Open DiscoGen and select your self-hosted model from the Model dropdown. If you added Serper, toggle Enable web search, pick a Search Depth, and select your provider under Search Source.

DiscoGen showing self-hosted model selected with Serper web search enabled

Hit Submit. DiscoGen sends each domain through your model and streams results into the table.
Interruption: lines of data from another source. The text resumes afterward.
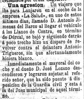 7 de octubre de 1897. Un viajero hace un disparo, en Dúrcal,
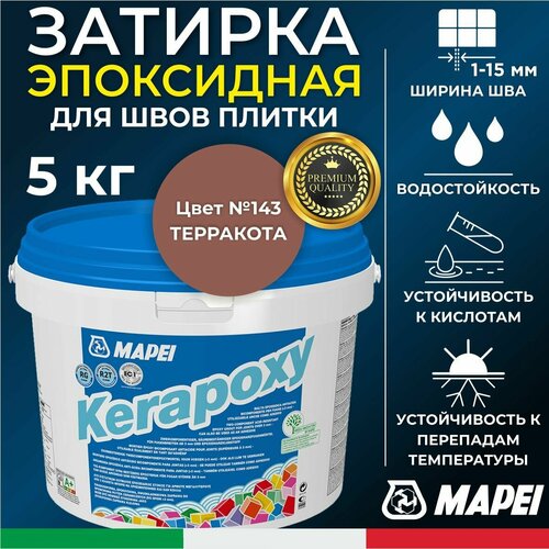 MAPEI Эпоксидная затирка для плитки Kerapoxy 143 Терракота, 5 кг - Двухкомпонентная высокостойкая клей-фуга для плиточных швов от 1 мм/ кислотостойкая/ противогрибковая/ водонепроницаемая
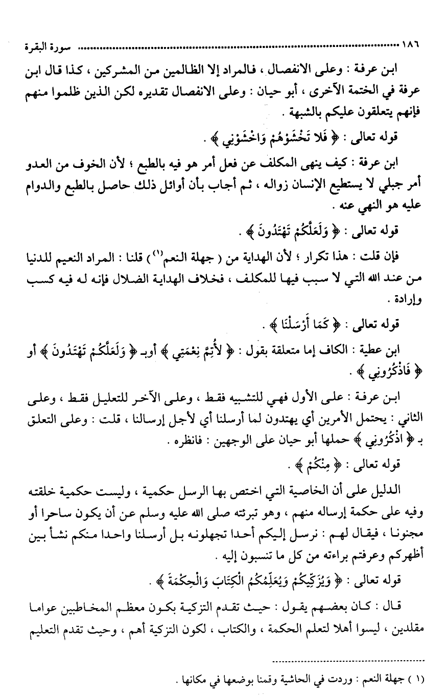 (قال بعضهم): حيث يقدم التزكية يكون معظم المخاطبين عواما مقلدين ليسوا أهلا (لتعلم) الحكمة والكتاب فتكون التزكية أهم، وحيث يقدم التعليم
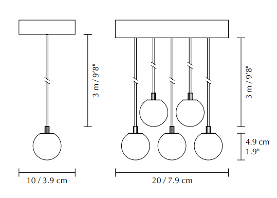 The set also includes canopy hooks, which guarantee a flexible distance between each lampshade, giving the possibility of individual adaptation of the lighting arrangement.
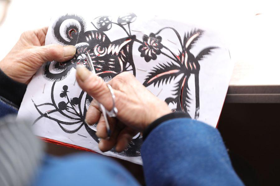 A woman makes a paper-cutting on March 28, 2019, in Fengning Manchu autonomous county, Hebei province.(Photo by Fu Rui/chinadaily.com.cn)
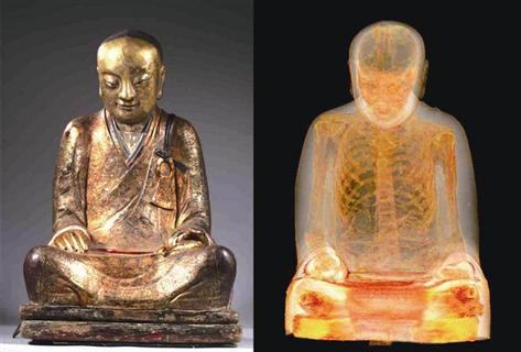 A estátua é de Zhanggong Zushi, um monge da dinastia Song (960-1279) que ganhou fama por curar doen?as e difundir a doutrina budista. Quando morreu aos 37 anos, seu corpo foi mumificado de acordo com seus desejos e colocado dentro de uma estátua.

DiscoGen results table showing enriched company data from self-hosted Llama 4 Scout

For a persistent subdomain that survives restarts, replace the quick tunnel with a named one:

Terminal window
cloudflared tunnel login
cloudflared tunnel create discolike-llm
cloudflared tunnel route dns discolike-llm llm.yourdomain.com
cloudflared tunnel run --url http://localhost:4000 discolike-llm

Then update your Base URL in the DiscoLike integration to https://llm.yourdomain.com.

Terminal window
docker compose up -d # Start everything
docker compose down # Stop everything
docker compose logs -f # Follow logs
docker compose logs cloudflared # Get current tunnel URL
docker exec ollama ollama list # List installed models
docker exec ollama ollama pull qwen3:32b # Pull another model

Switching models? Edit litellm-config.yaml, run docker compose restart litellm, and update the Model Name in DiscoLike (with the openai/ prefix).

SymptomFix
Validation failsModel name must start with openai/. Base URL must not end with /v1
Model won’t loadnvidia-smi. If VRAM is full, re-run ./setup.sh and pick a smaller model
LiteLLM returns 500docker compose logs litellm --tail 50. Usually Ollama is still loading
Tunnel unreachabledocker compose logs cloudflared. If the URL changed, update DiscoLike

Quick validation test from your terminal:

Terminal window
curl https://your-tunnel-url/v1/chat/completions \
-H "Authorization: Bearer YOUR_API_KEY" \
-H "Content-Type: application/json" \
-d '{"model": "llama4:scout", "messages": [{"role": "user", "content": "hi"}], "max_tokens": 5}'

If this returns a response, the stack is working. Check your DiscoLike configuration if validation still fails.